Most of you know what a 'sig' is, but for the uninitiated; it's a canned message or information thats automatically attached to the end of an e-mail. This morning while perusing a mailing list, I came across a someones sig that informed me: Politically correct speech is just government censorship.


I mumbled back at my computer screen, "Political correctness is a straw man that blowhard reactionaries attack in lieu of reasonable refutations of sensible arguments for progress." I am tired of people who set themselves up as the heroic opponents of the vague adversary that is 'political correctness.' Anyone beyond one block of the Smith College campus is in no real danger of running afoul of those prone to adding a few too many qualifying terms to descriptions. Perhaps this sigster was talking about student government.

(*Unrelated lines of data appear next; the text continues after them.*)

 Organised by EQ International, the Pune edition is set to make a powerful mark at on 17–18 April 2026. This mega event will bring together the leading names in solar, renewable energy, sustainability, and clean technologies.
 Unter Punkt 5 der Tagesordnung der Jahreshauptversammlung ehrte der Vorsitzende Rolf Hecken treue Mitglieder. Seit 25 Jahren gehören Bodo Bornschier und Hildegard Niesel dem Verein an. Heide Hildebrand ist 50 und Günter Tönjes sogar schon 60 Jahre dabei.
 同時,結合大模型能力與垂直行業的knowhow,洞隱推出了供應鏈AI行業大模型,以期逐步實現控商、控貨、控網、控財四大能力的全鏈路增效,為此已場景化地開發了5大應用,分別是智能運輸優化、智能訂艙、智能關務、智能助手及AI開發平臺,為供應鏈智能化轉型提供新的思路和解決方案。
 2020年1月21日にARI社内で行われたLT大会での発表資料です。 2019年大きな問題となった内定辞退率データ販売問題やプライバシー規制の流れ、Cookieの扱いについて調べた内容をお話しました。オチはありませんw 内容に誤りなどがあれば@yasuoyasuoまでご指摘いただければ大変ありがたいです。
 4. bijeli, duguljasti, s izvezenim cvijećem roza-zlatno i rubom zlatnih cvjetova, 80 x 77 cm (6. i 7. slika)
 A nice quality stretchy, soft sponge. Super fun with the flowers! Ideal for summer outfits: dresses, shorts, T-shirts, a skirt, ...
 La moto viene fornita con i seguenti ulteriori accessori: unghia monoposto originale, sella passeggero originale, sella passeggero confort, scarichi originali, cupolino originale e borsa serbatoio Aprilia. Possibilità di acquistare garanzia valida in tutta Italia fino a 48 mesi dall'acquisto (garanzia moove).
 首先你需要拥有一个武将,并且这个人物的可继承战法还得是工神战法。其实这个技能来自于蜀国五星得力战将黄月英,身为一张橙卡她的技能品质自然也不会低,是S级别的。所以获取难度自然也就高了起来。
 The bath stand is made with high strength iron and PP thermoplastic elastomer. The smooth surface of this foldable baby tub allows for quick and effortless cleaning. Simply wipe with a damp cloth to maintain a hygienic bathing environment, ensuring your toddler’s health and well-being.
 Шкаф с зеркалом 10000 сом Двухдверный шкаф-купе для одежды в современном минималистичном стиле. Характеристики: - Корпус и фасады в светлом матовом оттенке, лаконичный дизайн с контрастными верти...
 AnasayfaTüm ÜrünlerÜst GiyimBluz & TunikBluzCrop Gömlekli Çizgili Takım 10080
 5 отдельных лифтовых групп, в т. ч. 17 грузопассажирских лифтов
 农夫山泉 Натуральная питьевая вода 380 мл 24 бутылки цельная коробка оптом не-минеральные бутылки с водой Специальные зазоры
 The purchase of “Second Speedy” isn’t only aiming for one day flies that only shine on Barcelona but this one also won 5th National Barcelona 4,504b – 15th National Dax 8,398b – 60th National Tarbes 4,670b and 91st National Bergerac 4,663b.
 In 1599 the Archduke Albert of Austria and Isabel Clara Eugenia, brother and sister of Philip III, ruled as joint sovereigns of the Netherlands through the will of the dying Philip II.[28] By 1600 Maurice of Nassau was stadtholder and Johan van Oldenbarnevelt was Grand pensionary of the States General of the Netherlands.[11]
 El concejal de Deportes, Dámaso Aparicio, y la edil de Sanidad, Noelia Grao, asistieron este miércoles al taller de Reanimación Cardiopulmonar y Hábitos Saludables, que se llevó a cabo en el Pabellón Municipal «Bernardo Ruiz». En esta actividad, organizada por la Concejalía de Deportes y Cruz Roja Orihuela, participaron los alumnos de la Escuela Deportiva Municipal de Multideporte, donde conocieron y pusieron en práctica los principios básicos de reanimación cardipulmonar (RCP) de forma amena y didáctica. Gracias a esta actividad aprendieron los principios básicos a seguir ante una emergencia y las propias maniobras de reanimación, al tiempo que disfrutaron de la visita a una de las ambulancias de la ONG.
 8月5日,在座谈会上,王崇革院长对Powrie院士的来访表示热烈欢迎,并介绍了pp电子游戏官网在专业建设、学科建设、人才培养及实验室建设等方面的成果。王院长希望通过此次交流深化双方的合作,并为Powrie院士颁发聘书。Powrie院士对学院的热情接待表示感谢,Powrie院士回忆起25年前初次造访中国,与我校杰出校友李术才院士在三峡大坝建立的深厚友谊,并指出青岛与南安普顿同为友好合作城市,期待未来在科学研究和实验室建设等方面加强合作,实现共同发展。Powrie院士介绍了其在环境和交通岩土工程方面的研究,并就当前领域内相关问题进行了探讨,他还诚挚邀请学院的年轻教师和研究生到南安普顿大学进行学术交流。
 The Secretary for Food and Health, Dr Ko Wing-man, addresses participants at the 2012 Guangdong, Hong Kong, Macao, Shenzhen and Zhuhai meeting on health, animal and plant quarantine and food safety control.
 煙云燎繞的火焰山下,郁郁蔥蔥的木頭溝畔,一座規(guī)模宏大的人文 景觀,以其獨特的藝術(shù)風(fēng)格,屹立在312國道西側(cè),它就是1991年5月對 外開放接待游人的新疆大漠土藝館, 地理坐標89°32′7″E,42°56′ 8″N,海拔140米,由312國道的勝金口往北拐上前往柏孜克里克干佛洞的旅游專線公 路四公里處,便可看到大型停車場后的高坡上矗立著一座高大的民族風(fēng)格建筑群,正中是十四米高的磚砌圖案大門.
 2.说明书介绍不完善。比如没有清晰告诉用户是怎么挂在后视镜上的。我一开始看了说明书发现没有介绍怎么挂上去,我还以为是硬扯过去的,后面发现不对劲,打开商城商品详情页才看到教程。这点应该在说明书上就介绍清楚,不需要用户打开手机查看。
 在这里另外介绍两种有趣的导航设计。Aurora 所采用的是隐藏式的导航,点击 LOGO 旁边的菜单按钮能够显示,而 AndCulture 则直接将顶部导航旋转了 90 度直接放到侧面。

When reactionaries want to alter public discourse they say they are fighting for community standards. But if I don't want some Klansman barking the 'n' word on the street corner, I'm with the politically correct mind police. (For the record, I favor changing language by example and not by government edict. That's how the n' word got reduced to one letter. And spare me trite comebacks about how the word is used by African-Americans. I am discussing its use as a derogatory term by bigots.You want to say the 'n' word is acceptable because it is used in hip-hop circles, go to a hip-hop event and use it a few times and see how OK it is with the rest of the crowd.)


This persons sig wasn't done, it had several tiers. I only made it through one more because what came next really set me off. It provoked me to stretch the legs of my First Amendment rights in a several hundred word, uh, constitutional. The fatal passage announced: Prejudicial speech is just free speech about what a lifetime of experiences has taught you.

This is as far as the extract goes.